Hal Singer, Ted Tatos1
I. INTRODUCTION
The long-simmering dispute between the Writers’ Guild of America (“WGA”) and the Association of Talent Agents (“ATA”) rose to a crescendo in 2019. The conflict raises complex economic questions of relative bargaining power and coordination rights — namely, when can workers coordinate on wages, and when can firms coordinate on prices, in ways that do not run afoul of the antitrust laws?
The parties had been operating under the Artists’ Manager Basic Agreement of 1976,2 which was due to expire at midnight on April 13, 2019. Negotiations between the two sides on a new agreement stalled after the top talent agencies, WME Entertainment (“WME”), Creative Artists Agency (“CAA”), International Creative Management Partners (“ICM”), and United Talent Agency (“UTA”) (together, the “Big Four”) refused to abandon the practice of charging packaging fees charged to production companies. Packaging fees occur when the talent agency requests payment from the production company that hires the writer instead of a commission on the writer’s salary.
The WGA contends that the packaging fees represent a significant conflict of interest for the Big Four and thus violate California law, which holds that talent agents owe a fiduciary duty to conflict-free representation to the writers they represent.
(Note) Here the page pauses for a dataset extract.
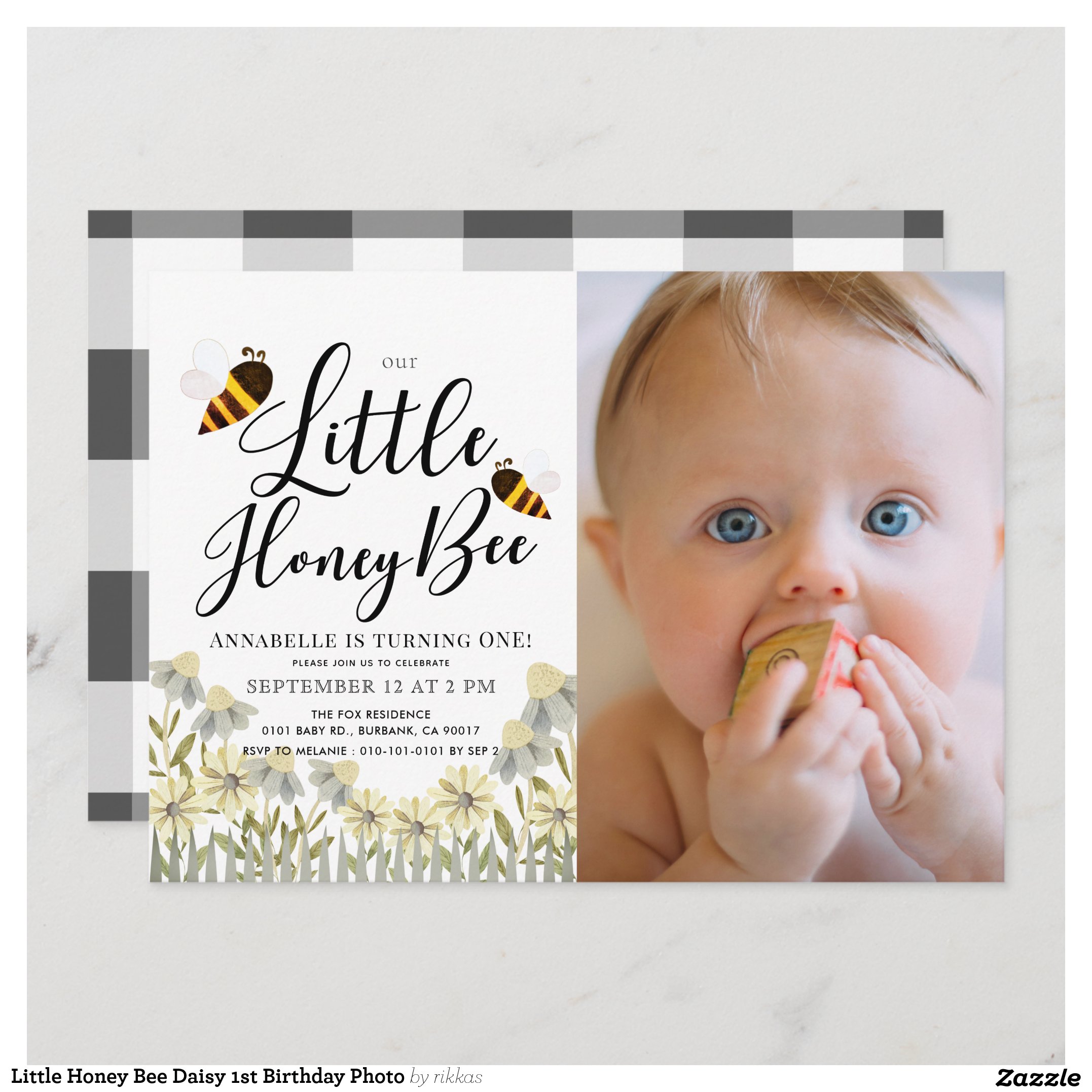 Little Honey Bee Daisy 1st Birthday Photo Invitation

The new WGA Code of Conduct3 prohibited talent agents from deriving “any revenue or other benefit from a Writer’s involvement in or employment on a motion picture project, other than a percentage commission based on the Writer’s compensation or fee.” Given the financial windfall the Big Four obtained for decades from packaging fees, the prohibition on securing such fees precipitated the impasse between the WGA and the Big Four.
On April 12, 2019 sensing a deadlock, the WGA announced that “we are about to enter uncharted waters” and called on its members to fire any talent agent who refused to abide by the newly-implemented code of conduct.4 In a show of solidarity, mass firings ensued, as writers — including celebrities such as Stephen King, David Simon, and Patton Oswalt — fired their agents.5 The WGA quickly followed by filing suit against the Big Four in California state court on April 17, 2019, alleging breach of fiduciary duty and unfair competition.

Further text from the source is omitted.